Image: Robot scientist 'Adam'
Robot scientist \"Adam\" working in the lab at Aberystwyth University. The robot carried out each stage of the scientific process automatically without the need for human intervention.
/ Source: Discovery Channel

The discovery of 12 new functions for genes in one of the most studied organisms in the world wouldn't be news, except that scientists didn't discover them. A robot named Adam designed, carried out and discovered the new gene functions.

"Our goal is to make science more efficient," said Ross King, a professor of biology and computer science at the University of Wales and author of a new paper in this week's issue of Science detailing Adam's work.

"If we had computers designing and carrying out experiments we could get through many more experiments than we currently can," said King, adding "robots don't need to take holidays."

The 10-year-old Adam, which is housed at Aberystwyth University in the U.K., might replace humans eventually, but it doesn't look like one. From the outside Adam is 45 cubic meters of elongated white plastic instruments.

Inside Adam sits a biological library of more than 12,000 chilled petri dishes. Each dish contains a different yeast strain with various genes removed from them. With its various mechanical tools, Adam can grab the petri dishes, remove a sample of yeast, grow it, clean it and analyze the results of the experiment.

Adam actually discovered more than 12 new gene functions. When King and his colleagues compared the functions of all the genes Adam found, they realized that some of them had previously been described. So Adam had independently confirmed those results.

Adam is still a prototype, but King's team hopes their next robot, Eve, will help boost the search for new drugs to combat diseases such as malaria.

"This system is still a prototype," explained King. "The first car wasn't as efficient as a horse."

Adam and Eve not only have the hardware to physically manipulate objects, they also have advanced artificial intelligence systems that let them make their own decisions and then act on those decisions, without help from their human creators.

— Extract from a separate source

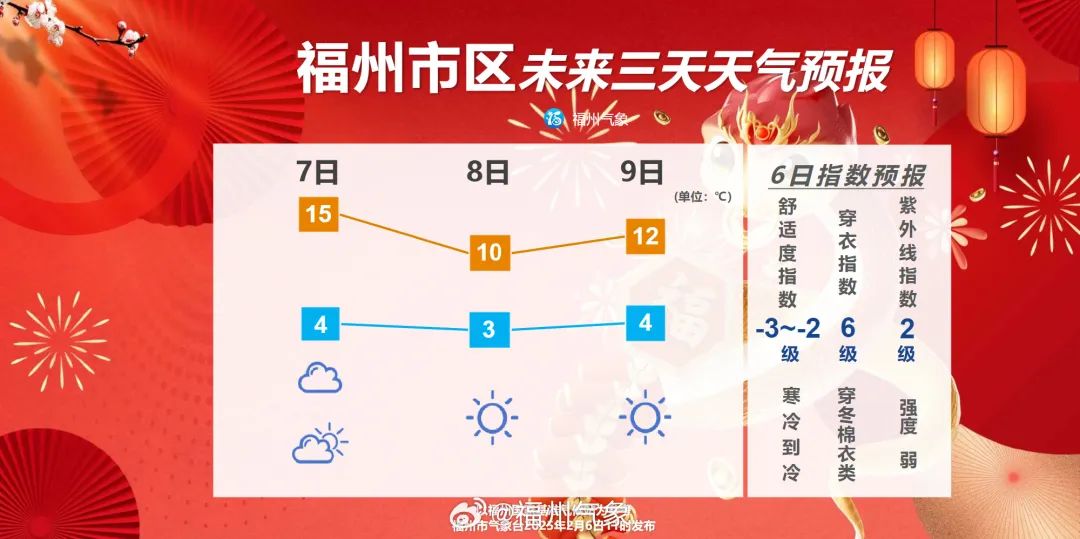 “不怕六九晴,就怕六九阴”,目前,福州已进入“六九”,受冷空气影响,8日至10日福州气温较低,最冷出现在9日早晨,预计将是蛇年以来最低温度,福州预计将有霜或霜冻,雾凇景观不确定。11日起,福州气温将有所回升。

In another article in the current issue of Science, scientists from Cornell University trained a computer to watch the natural world and to come up with its own natural laws, or instances where something will always happen. Specifically, the scientists programmed the computer, which had no prior knowledge of physics, to independently produce the laws of energy and motion using a simple pendulum.

Both of the artificial intelligence systems are still relatively slow to learn, however. The Cornell computer took 30 to 40 hours of powerful processing to derive the laws of motion. Adam took three months to discover the 12 new gene functions, although it was working on other projects as well during the same time.

Nonetheless, the advanced artificial intelligence systems developed by U.K. and U.S. researchers, while still on the slow side, will increase the amount of scientific research that can be done, says David Waltz, a professor at Columbia University who was not involved with the Science study.

"We have vastly more data that we can gather and vastly more powerful machines that we can work on it with and we must create more storage to save them," said Waltz.

"We are able to now build systems that can explore scientific hypothesis largely independently, rather than have people examine it by eye or by mathematical methods."

All this means is that the jobs of graduate students and post-docs across the world are safe, assures King, at least for the next 10-20 years.